La Vida Local: Irregular Notes on West End Life
Keep on Keepin’ On – With Some New Twists
By Rosanne Graef
After another month of holing up, hunkering down, and watching my husband’s corona beard grow, you’d think I’d have developed some sort of insights into this situation in which we find ourselves. I suppose I have discovered some things. Not that any of them are particularly profound, but here they are anyway.
Some things may change forever.
Years ago, I would sometimes fly from LaGuardia to Logan on the Eastern Air Lines Shuttle. You could just arrive at the gate, walk on, claim a seat, and pay on board. When one plane filled up, they’d bring out another. While the shuttle was long gone before 2001, the events of 9/11 brought a sudden end to any such type of informality or spontaneity in air travel.

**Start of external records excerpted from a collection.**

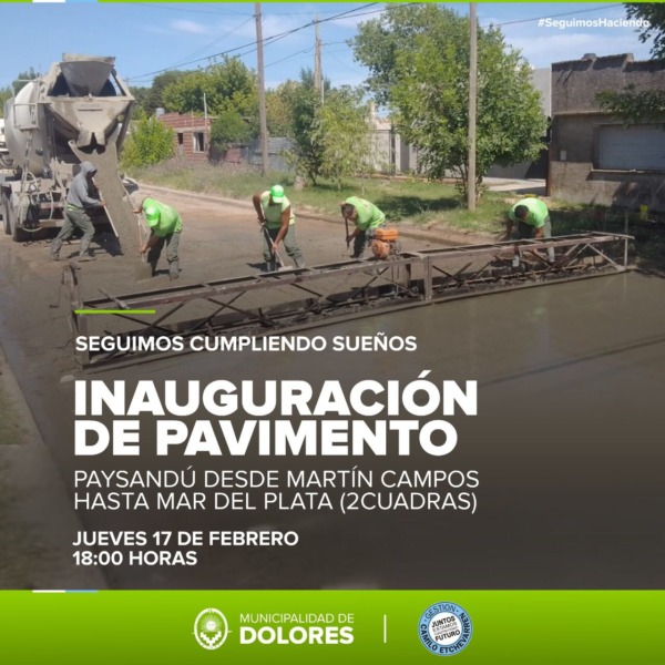 El jueves 17 de febrero, a las 18.00 horas, el Intendente Camilo Etchevarren, inaugurará dos cuadras de pavimento en calle Paysandú entre Martín Campos y Mar del Plata.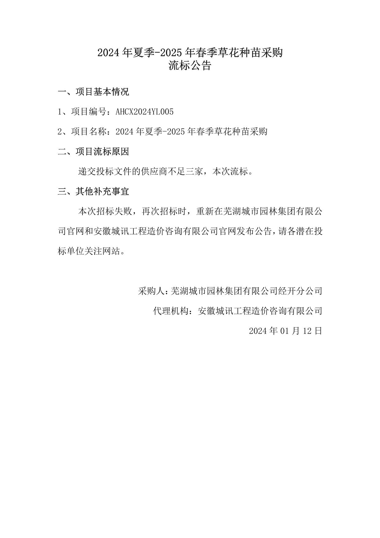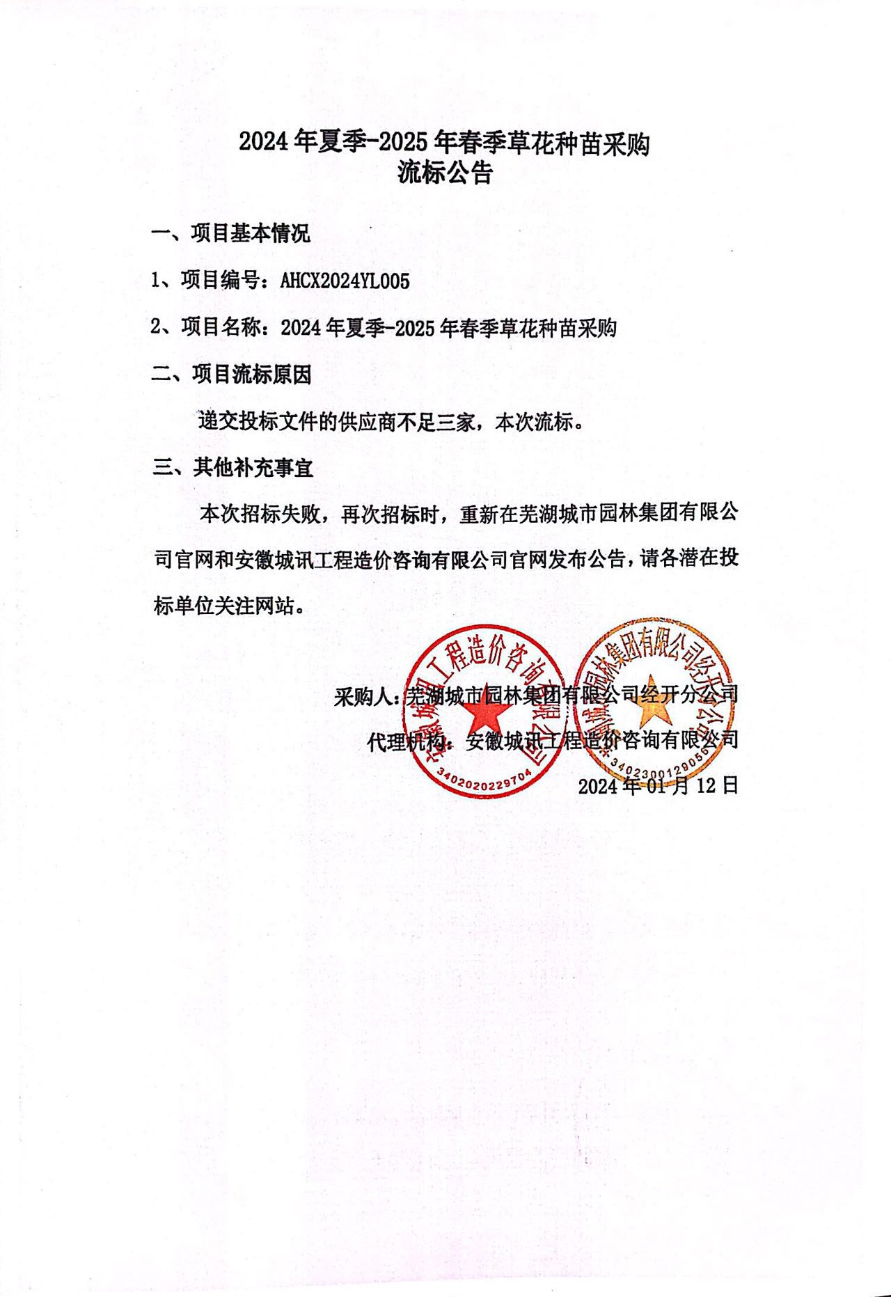 2024年夏季-2025年春季草花種苗采購流標(biāo)公告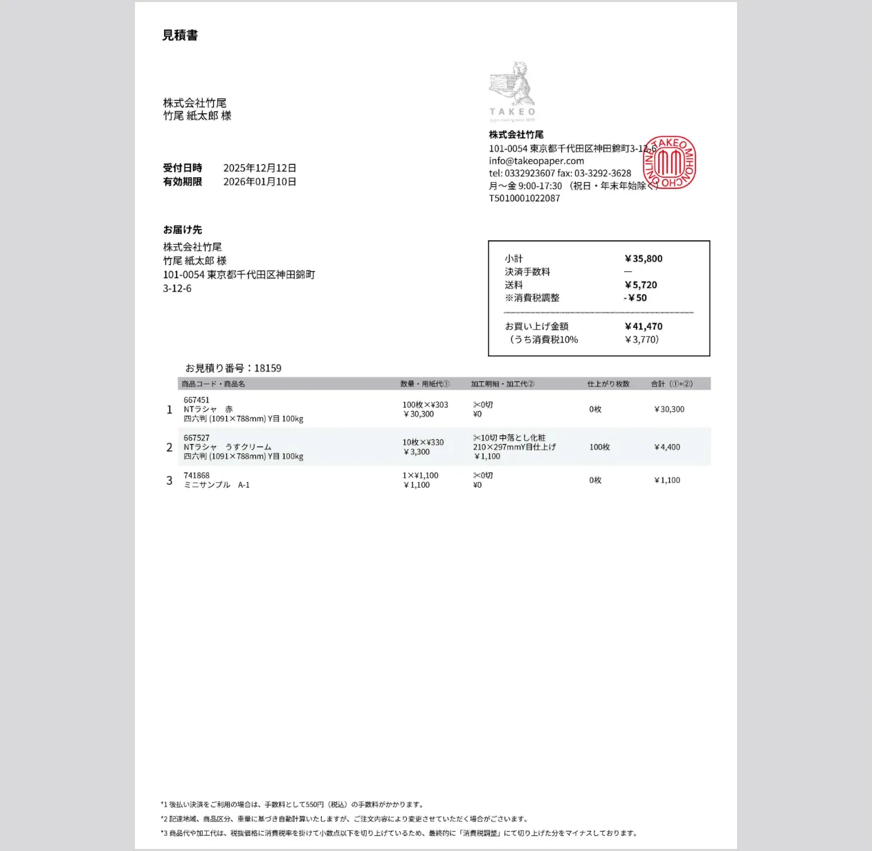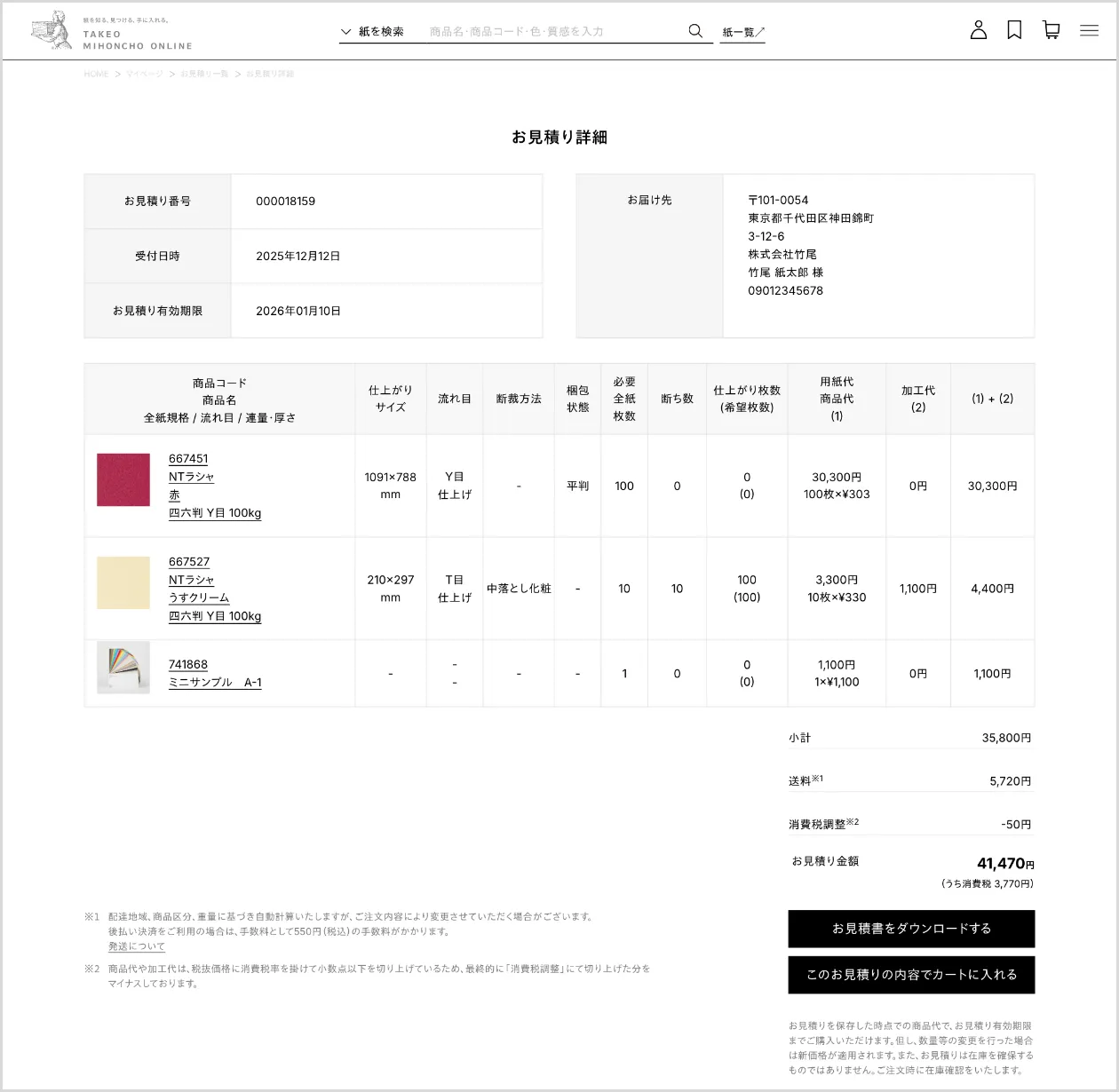 - 有効期限内であっても、お見積りの内容(商品数量、断裁方法、お届け先など)の変更・削除はできません。改めてご希望の内容にてお見積りください。

What changes will Covid-19 effect? In the grander scheme of things, I definitely hope for some big changes in our society’s many inequalities and profligate wastefulness, and the elimination of the political polarization that now permeates every choice we make, stamping each of us with a simplistic identity.
Closer to home, though, changes are what concern me. I know I’ll be trying to settle on an alternate way of meeting and greeting – out with handshakes and hugs, in with what? Bowing? Hand on heart? A snappy salute? We’ll see.
Keeping a journal?
This is not a habit of mine. The last time I attempted a diary was probably when I was eleven and the entries were pretty banal, unless someone were interested in investigating the shampooing habits of preteen girls. I’ve started up again, though, with a diary of daily contacts and will attempt to keep it up. If it isn’t eventually necessary for contact tracing purposes, it’ll at least be a memory jog of when I last went to the grocery store.
Window decorations?
If you’re active on Next Door, you probably remember the Virtual Easter Egg Hunt. People were encouraged to color some paper eggs and tape them on their windows so children could go around the neighborhood and search for them. A friend of mine reported that her kids enjoyed the hunt and had found 17 eggs!
In late May, I was outside when a father and his little girl, around three years old, stopped in front of our house. He explained that seeing our three paper eggs is the high point of their walk. Are my paper eggs the equivalent of the Christmas wreath that’s hung on the door until June? Should I keep them up until this little girl is seven and her interests change? Or maybe switch them out for the Fourth of July and Halloween? Stay tuned… some sort of window decoration is here to stay.
Wearing a mask?
Social distancing?
Hand washing?
Definitely. Safety first and strive to be unremittingly kind.